- **What the exercise asks**
Repeat the listing below in full and exactly. Pictures are to be omitted.
=======
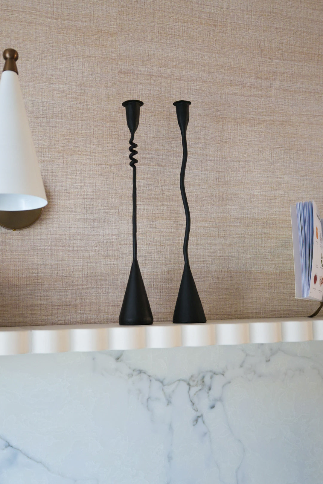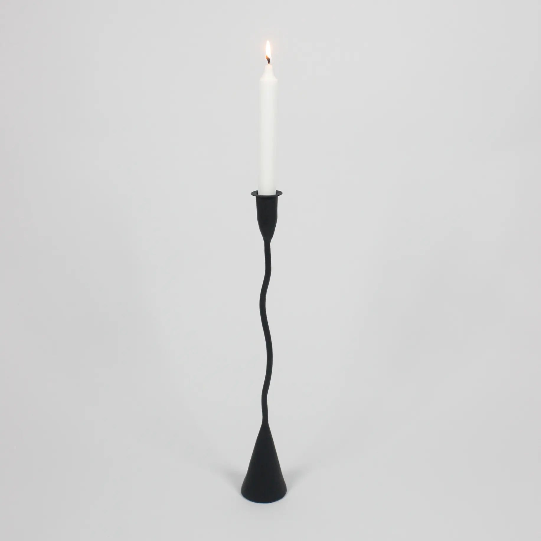 Kandelaar van ijzer die met zijn rondingen een vleugje moderne elegantie toevoegt.
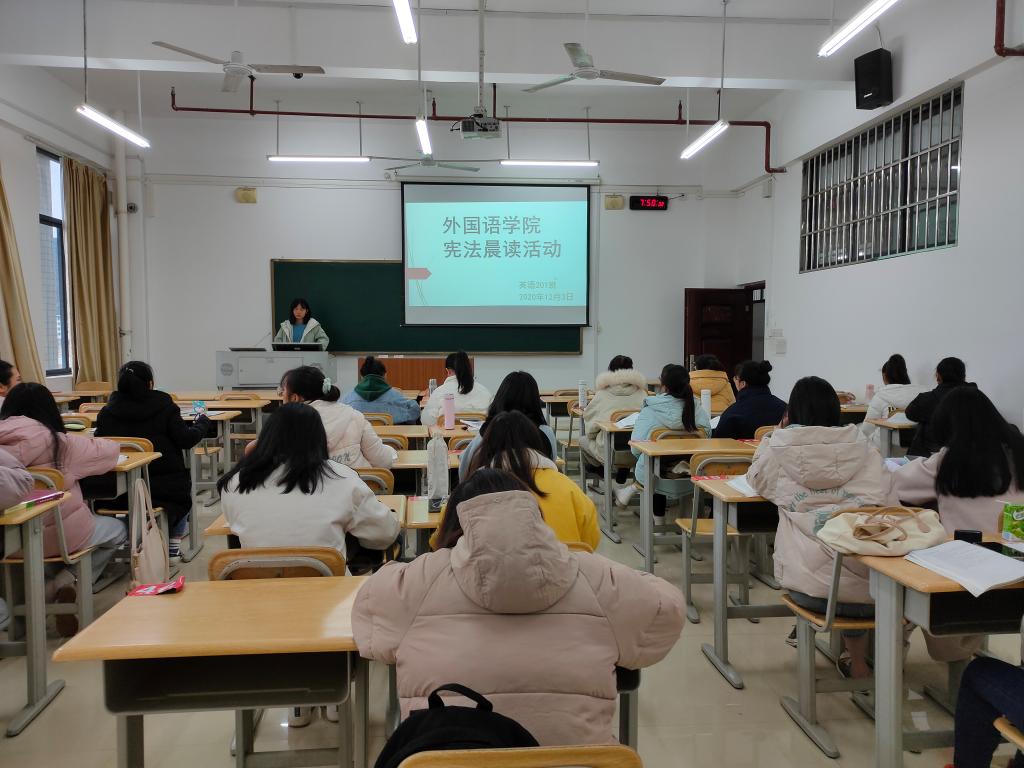 2020年12月4日是第七个国家宪法日。为认真学习贯彻习近平法治思想,弘扬宪法精神,维护宪法权威,根据《自治区教育厅关于开展2020年教育系统“宪法宣传周”系列活动的通知》要求,167net必赢入口围绕“深入学习宣传习近平法治思想,大力弘扬宪法精神”主题组织开展了“宪法晨读”活动。
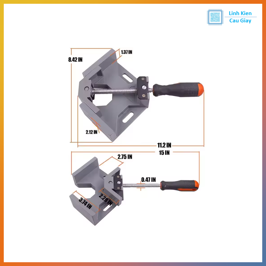 Kẹp góc 90° hạng nặng là dụng cụ cố định 2 chi tiết theo góc vuông chuẩn 90 độ khi lắp ráp, dán keo, khoan, bắt vít. Thiết kế 1 tay cầm siết nhanh, hàm kẹp điều chỉnh được giúp giữ chắc các vật liệu như gỗ, MDF, nhôm định hình, sắt hộp mỏng, acrylic… phù hợp cả xưởng mộc lẫn DIY tại nhà. Thân kẹp chắc chắn, chịu lực tốt, hỗ trợ căn vuông nhanh, giảm lệch khi lắp ráp khung.
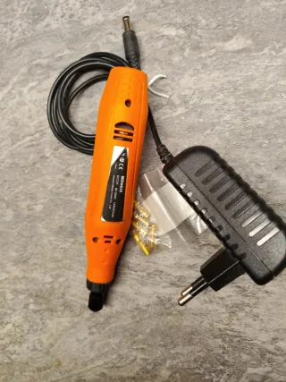 Mini taladro eléctrico de la marca HILDA, ideal para trabajos de precisión. - Incluye adaptador de corriente. " No es inalámbrico" - Viene con varios accesorios que se ven en la foto - Diseño ergonómico en color naranja. Tiene las pegatinas un poco sueltas, pero funciona perfectamente lo usé muy poco
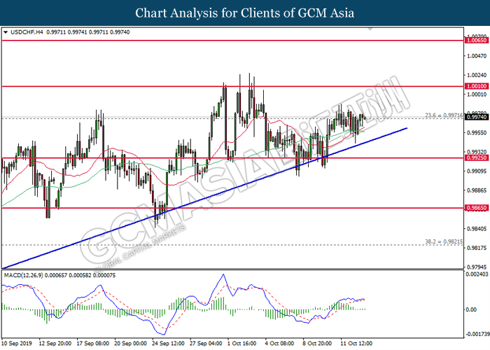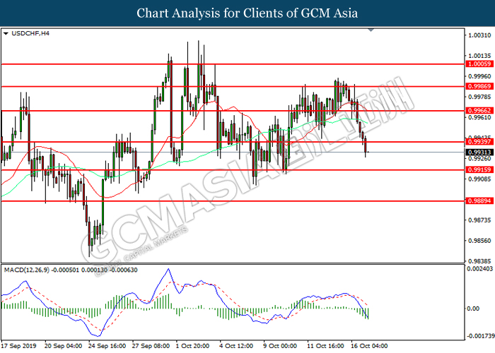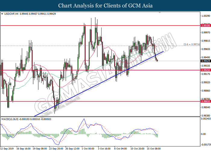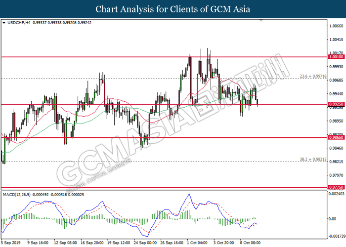 USDCHF, H4: USDCHF was traded lower while currently testing at the support of 0.9925. MACD which illustrate bearish signal suggest the pair to extend its losses after closing below 0.9925.
=======
- **Your solution**
 Kandelaar van ijzer die met zijn rondingen een vleugje moderne elegantie toevoegt.
 2020年12月4日是第七个国家宪法日。为认真学习贯彻习近平法治思想,弘扬宪法精神,维护宪法权威,根据《自治区教育厅关于开展2020年教育系统“宪法宣传周”系列活动的通知》要求,167net必赢入口围绕“深入学习宣传习近平法治思想,大力弘扬宪法精神”主题组织开展了“宪法晨读”活动。
 Kẹp góc 90° hạng nặng là dụng cụ cố định 2 chi tiết theo góc vuông chuẩn 90 độ khi lắp ráp, dán keo, khoan, bắt vít. Thiết kế 1 tay cầm siết nhanh, hàm kẹp điều chỉnh được giúp giữ chắc các vật liệu như gỗ, MDF, nhôm định hình, sắt hộp mỏng, acrylic… phù hợp cả xưởng mộc lẫn DIY tại nhà. Thân kẹp chắc chắn, chịu lực tốt, hỗ trợ căn vuông nhanh, giảm lệch khi lắp ráp khung.
 Mini taladro eléctrico de la marca HILDA, ideal para trabajos de precisión. - Incluye adaptador de corriente. " No es inalámbrico" - Viene con varios accesorios que se ven en la foto - Diseño ergonómico en color naranja. Tiene las pegatinas un poco sueltas, pero funciona perfectamente lo usé muy poco
 USDCHF, H4: USDCHF was traded lower while currently testing at the support of 0.9925. MACD which illustrate bearish signal suggest the pair to extend its losses after closing below 0.9925.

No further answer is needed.